Furthermore let $ u: \mathbb{R}^n \to \mathbb{C} $ be a locally integrable function and define $ u_{\epsilon} $ to be the convolution $ u_{\epsilon} := u \ast \varphi_{\epsilon} $.
Then the function $ u_\epsilon : \mathbb{R}^n \to \mathbb{C}$ is $ C^{\infty} $.
My attempt of proving this result begins as follows: Let $ e_i $ be the $i$'th unit vector of the standard basis of $ \mathbb{R}^n $, that is, $ e_i = (e_i^1, ..., e_i^n) $ with $ e_i^j = \delta_{ij} $, where the latter is the Kronecker delta. Then, for a fixed $ x \in \mathbb{R}^n $, we have
\begin{align*} \frac{\partial u_{\epsilon}}{\partial x^i} (x) &= \frac{\partial}{\partial x^i} (u \ast \varphi_{\epsilon}) (x) \\ &= \lim_{h \to 0} \frac{1}{h} \left\{ (u \ast \varphi_{\epsilon})(x + h e_i) - (u \ast \varphi_{\epsilon})(x) \right\} \\ &= \lim_{h \to 0} \int_{\mathbb{R}^n} u(y) \left\{ \frac{\varphi_{\epsilon}(x-y+he_i) - \varphi_{\epsilon}(x-y)}{h} \right\} \mathrm{d}y . \end{align*}
Now the most elegant way to reach the desired conclusion would probably be to use the mean value theorem, by which there must exist a constant $ 0 < c(h) < h $ such that
\begin{align*} \lim_{h \to 0} \int_{\mathbb{R}^n} u(y) \left\{ \frac{\varphi_{\epsilon}(x-y+he_i) - \varphi_{\epsilon}(x-y)}{h} \right\} \mathrm{d}y &= \lim_{h \to 0} \int_{\mathbb{R}^n} u(y) \: \frac{\partial \varphi_{\epsilon}}{\partial x^i} (x-y+c(h)) \: \mathrm{d}y \\ &= \lim_{h \to 0} \left(u \ast \frac{\partial \varphi_{\epsilon}}{\partial x^i}\right) (x+c(h)) . \end{align*}
It is not hard to show that the convolution of a locally integrable function with a continuous function of compact support is continuous and thus we obtain
\begin{align*} \frac{\partial u_{\epsilon}}{\partial x^i} (x) &= \lim_{h \to 0} \left(u \ast \frac{\partial \varphi_{\epsilon}}{\partial x^i}\right) (x+c(h)) \\ &= \left(u \ast \frac{\partial \varphi_{\epsilon}}{\partial x^i}\right) (x) . \end{align*}
I began wondering, however, if there is an alternative to the application of the mean-value theorem.
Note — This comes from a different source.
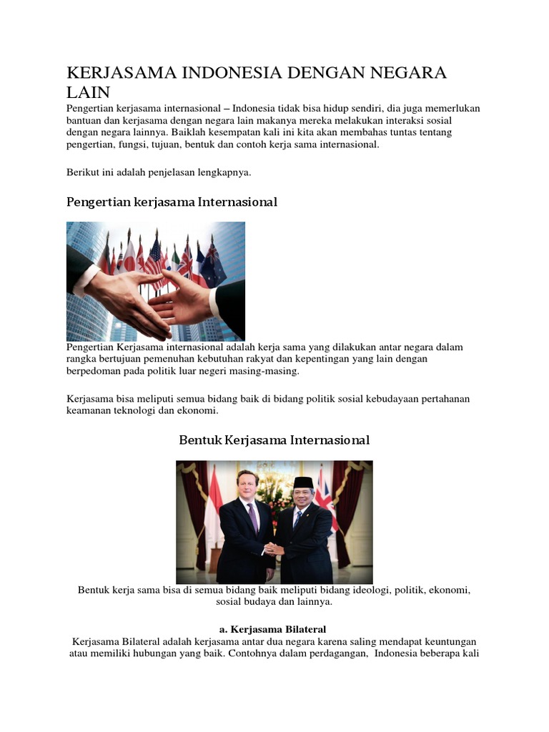 Contoh kerjasama multilateral indonesia. Mengenai kerjasama multilateral ini telah kita ketahui sebelumnya yakni sebagai kerjasama yang dilakukan beberapa negara dimana jumlahnya lebih dari dua negara. Contoh kerjasama multilateral indonesia. Pengertian kerjasama internasional kerja sama internasional adalah bentuk hubungan yang dilakukan oleh suatu negara dengan negara lain yang bertujuan untuk memenuhi kebutuhan rakyat dan untuk kepentingan negara negara di dunia. Kerjasama multilateral juga mempunyai aturan untuk anggotanya. Pemerintah indonesia sendiri telah menandatangani perjanjian perdagangan dan ekonomi di kawasan asia pasifik dengan 14 negara di afrika dan timur tengah dengan 10 negara di eropa timur dengan 9 negara di eropa barat dengan 12 negara dan di amerika latin dengan 7 negara. Kerjasama indonesia dengan jepang merealisasikan fta pada tahun 2005.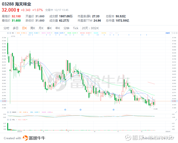 在2025年12月9日,高盛发布了一份关于【海天味业】的深度研报:写了关于中国消费龙头估值重构的巨大机会。

If one could show, for instance, that the integrand $ \left\{ u(y) \left( \frac{\varphi_{\epsilon}(x-y+he_i) - \varphi_{\epsilon}(x-y)}{h} \right) \right\} $ satisfies the conditions of Lebesgue's dominated convergence theorem, then one could interchange the limit and integral in the first equation above to immediately obtain that $ \frac{\partial u_{\epsilon}}{\partial x^i} (x) = \left(u \ast \frac{\partial \varphi_{\epsilon}}{\partial x^i}\right) (x) $. But the difficulty lies in showing that the integrand is dominated by an $ L^1 $ function. However, if we knew that the partial derivatives of $ \varphi $ (and thus of $ \varphi_\epsilon $) were bounded, then the continuity of these partial derivatives would imply (via the mean value theorem I believe...) that for all $ h \leq \delta $, where $ \delta > 0 $ is some constant, there exists a constant $ c > 0 $ such that for all $ y $
\begin{align} \left \lvert \frac{\varphi_{\epsilon}(x-y+he_i) - \varphi_{\epsilon}(x-y)}{h} - \frac{\partial \varphi_{\epsilon}}{\partial x^i}(x-y) \right \rvert \leq c , \end{align}
(remember $ x $ was fixed) and so
\begin{align} \frac{\partial \varphi_{\epsilon}}{\partial x^i}(x-y) - c \leq \frac{\varphi_{\epsilon}(x-y+he_i) - \varphi_{\epsilon}(x-y)}{h} \leq \frac{\partial \varphi_{\epsilon}}{\partial x^i}(x-y) + c . \end{align}
Now just let $ M := \max \left\lvert \frac{\partial \varphi_{\epsilon}}{\partial x^i}(x-y) - c \pm \right\rvert $. Then
\begin{align} \left\lvert u(y) \left\{ \frac{\varphi_{\epsilon}(x-y+he_i) - \varphi_{\epsilon}(x-y)}{h} \right\} \right\rvert \leq M \: \Bigr\lvert \: u\bigr\vert_{supp\left( \varphi_{\epsilon}(x+\delta e_i - \: \cdot) \right) \cap supp\left( \varphi_{\epsilon}(x- \: \cdot) \right)}(y) \Bigr\rvert . \end{align}
Hence the integrand is bounded by an integrable function.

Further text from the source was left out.